• [TASK TO CARRY OUT]:
From the first line to the last, transcribe the data exactly and skip the pictures.

TASK INPUTS Start Marker

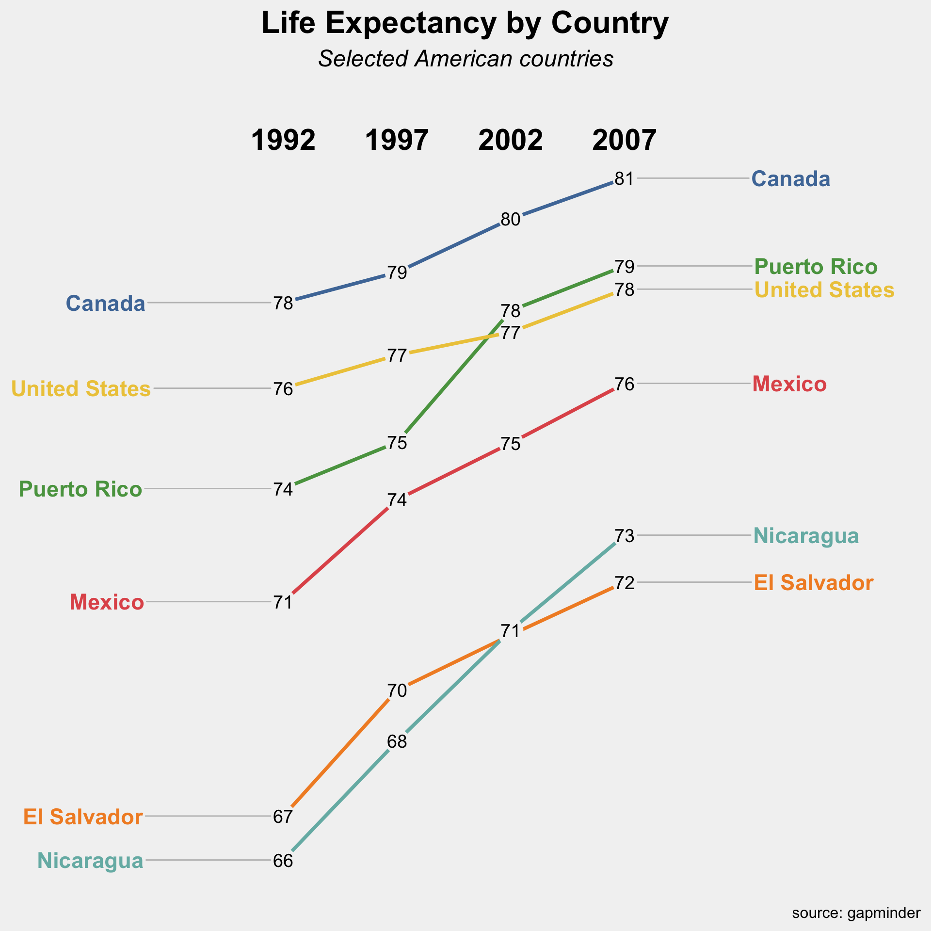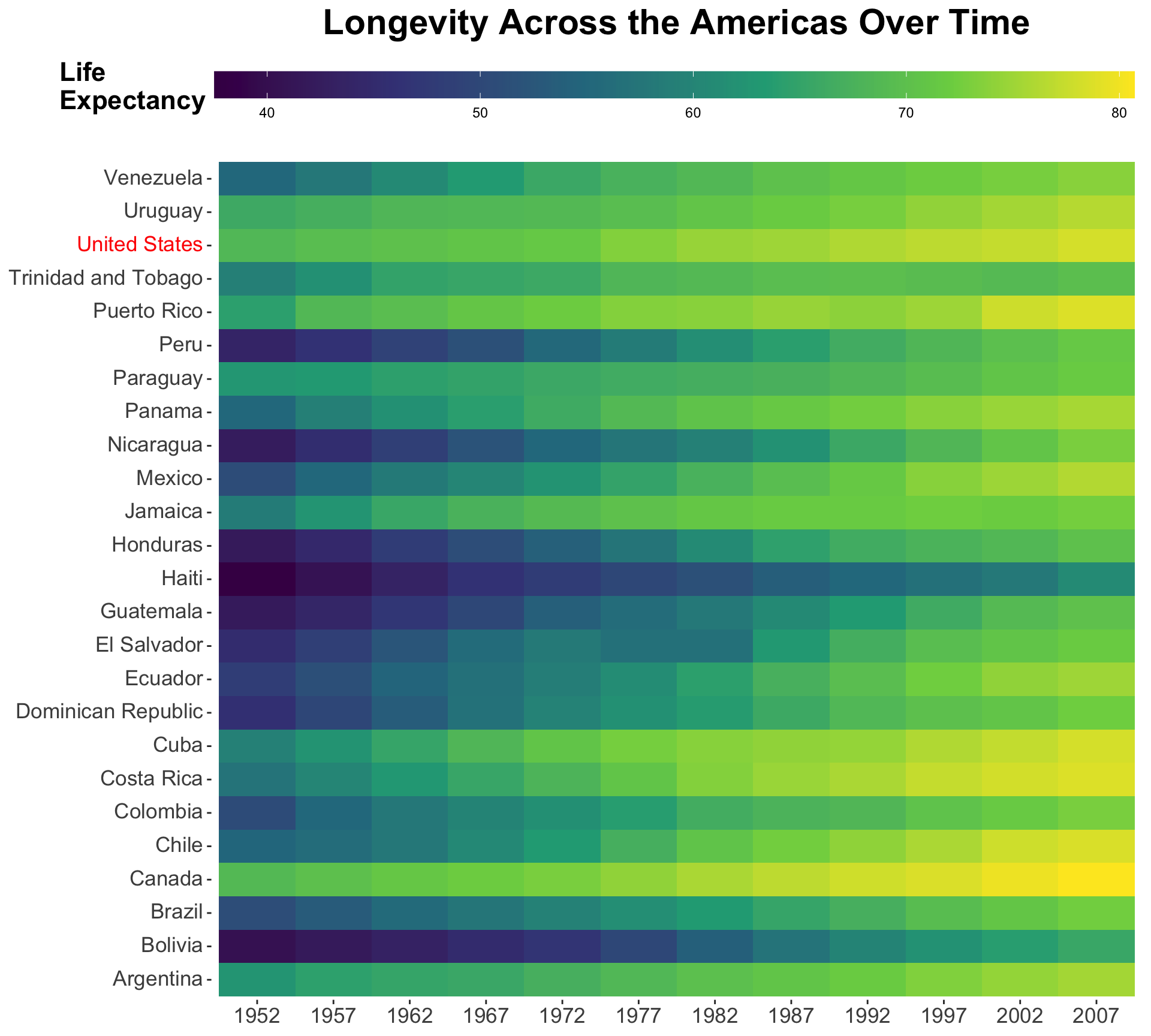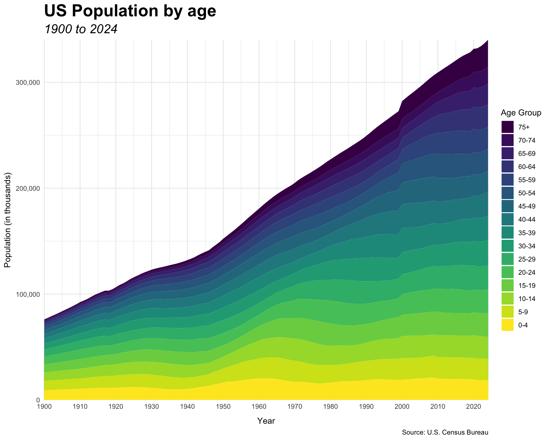 pop2 <- pop |>filter(age_group !="all", sex =="both") |>mutate(age_group =factor(age_group,levels =c("0-4", "5-9", "10-14", "15-19", "20-24", "25-29", "30-34", "35-39", "40-44", "45-49", "50-54", "55-59", "60-64", "65-69", "70-74", "75+") ),age_group =fct_rev(age_group))pop2 |>ggplot(aes(x = year,y = population/1000, fill = age_group)) +geom_area(color =NA) +labs(title ="US Population by age",subtitle ="1900 to 2024",caption ="Source: U.S. Census Bureau",x ="Year",y ="Population (in thousands)",fill ="Age Group") +scale_fill_viridis_d() +scale_y_comma(expand =c(0,0)) +scale_x_continuous(breaks =seq(1900,2020, 10),expand =c(0,0)) +theme_minimal() +theme(axis.title.x =element_text(margin =margin(t =10)),axis.title.y =element_text(margin =margin(r =5)),plot.title =element_text(size =rel(2),face ="bold"),plot.subtitle =element_text(size =rel(1.5),face ="italic") )
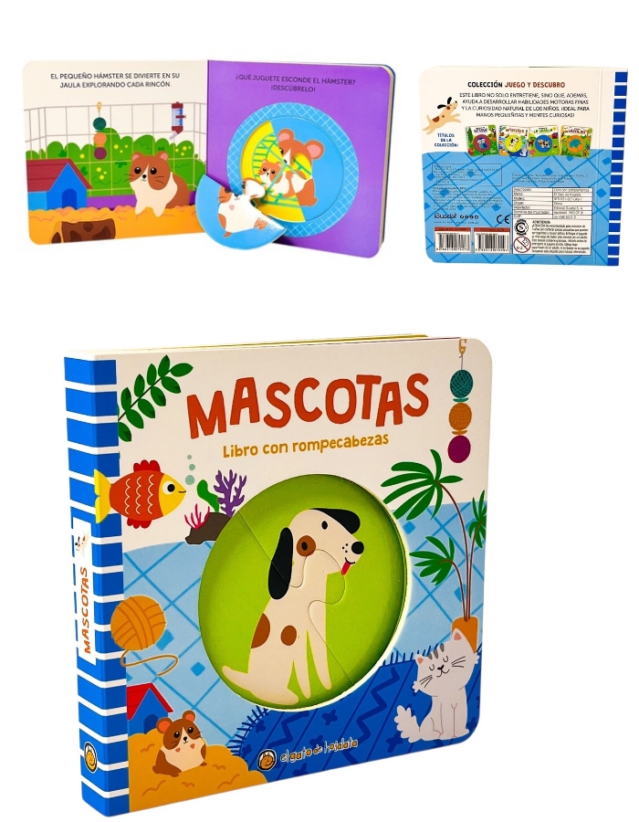 LIBRO CON TITERE, UNICORNIO MICO. GATO DE HOJALATA. MED. 20 X 20 CM.
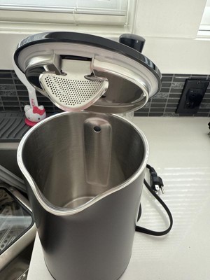 We bought this electric kettle to replace an old electric kettle that has plastic pieces falling apart. It's been good so far. The outside is not too hot to touch, it has a filter to stabilize water coming out so it is smoother, and the finishes look great. The angle that the top opens is wide and the button to open the top is easy to click. It's simple to use.
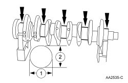2. Measure each of the crankshaft main bearing journal diameters in at least 2 directions and record the smallest diameter for each journal.
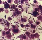 Bakterium, dessen Zellen aus langen Stäbchen bestehen, während seine Sporen die

TASK INPUTS End Marker

• [ANSWER SPACE]:
 pop2 <- pop |>filter(age_group !="all", sex =="both") |>mutate(age_group =factor(age_group,levels =c("0-4", "5-9", "10-14", "15-19", "20-24", "25-29", "30-34", "35-39", "40-44", "45-49", "50-54", "55-59", "60-64", "65-69", "70-74", "75+") ),age_group =fct_rev(age_group))pop2 |>ggplot(aes(x = year,y = population/1000, fill = age_group)) +geom_area(color =NA) +labs(title ="US Population by age",subtitle ="1900 to 2024",caption ="Source: U.S. Census Bureau",x ="Year",y ="Population (in thousands)",fill ="Age Group") +scale_fill_viridis_d() +scale_y_comma(expand =c(0,0)) +scale_x_continuous(breaks =seq(1900,2020, 10),expand =c(0,0)) +theme_minimal() +theme(axis.title.x =element_text(margin =margin(t =10)),axis.title.y =element_text(margin =margin(r =5)),plot.title =element_text(size =rel(2),face ="bold"),plot.subtitle =element_text(size =rel(1.5),face ="italic") )
 LIBRO CON TITERE, UNICORNIO MICO. GATO DE HOJALATA. MED. 20 X 20 CM.
 We bought this electric kettle to replace an old electric kettle that has plastic pieces falling apart. It's been good so far. The outside is not too hot to touch, it has a filter to stabilize water coming out so it is smoother, and the finishes look great. The angle that the top opens is wide and the button to open the top is easy to click. It's simple to use.
2. Measure each of the crankshaft main bearing journal diameters in at least 2 directions and record the smallest diameter for each journal.
 Bakterium, dessen Zellen aus langen Stäbchen bestehen, während seine Sporen die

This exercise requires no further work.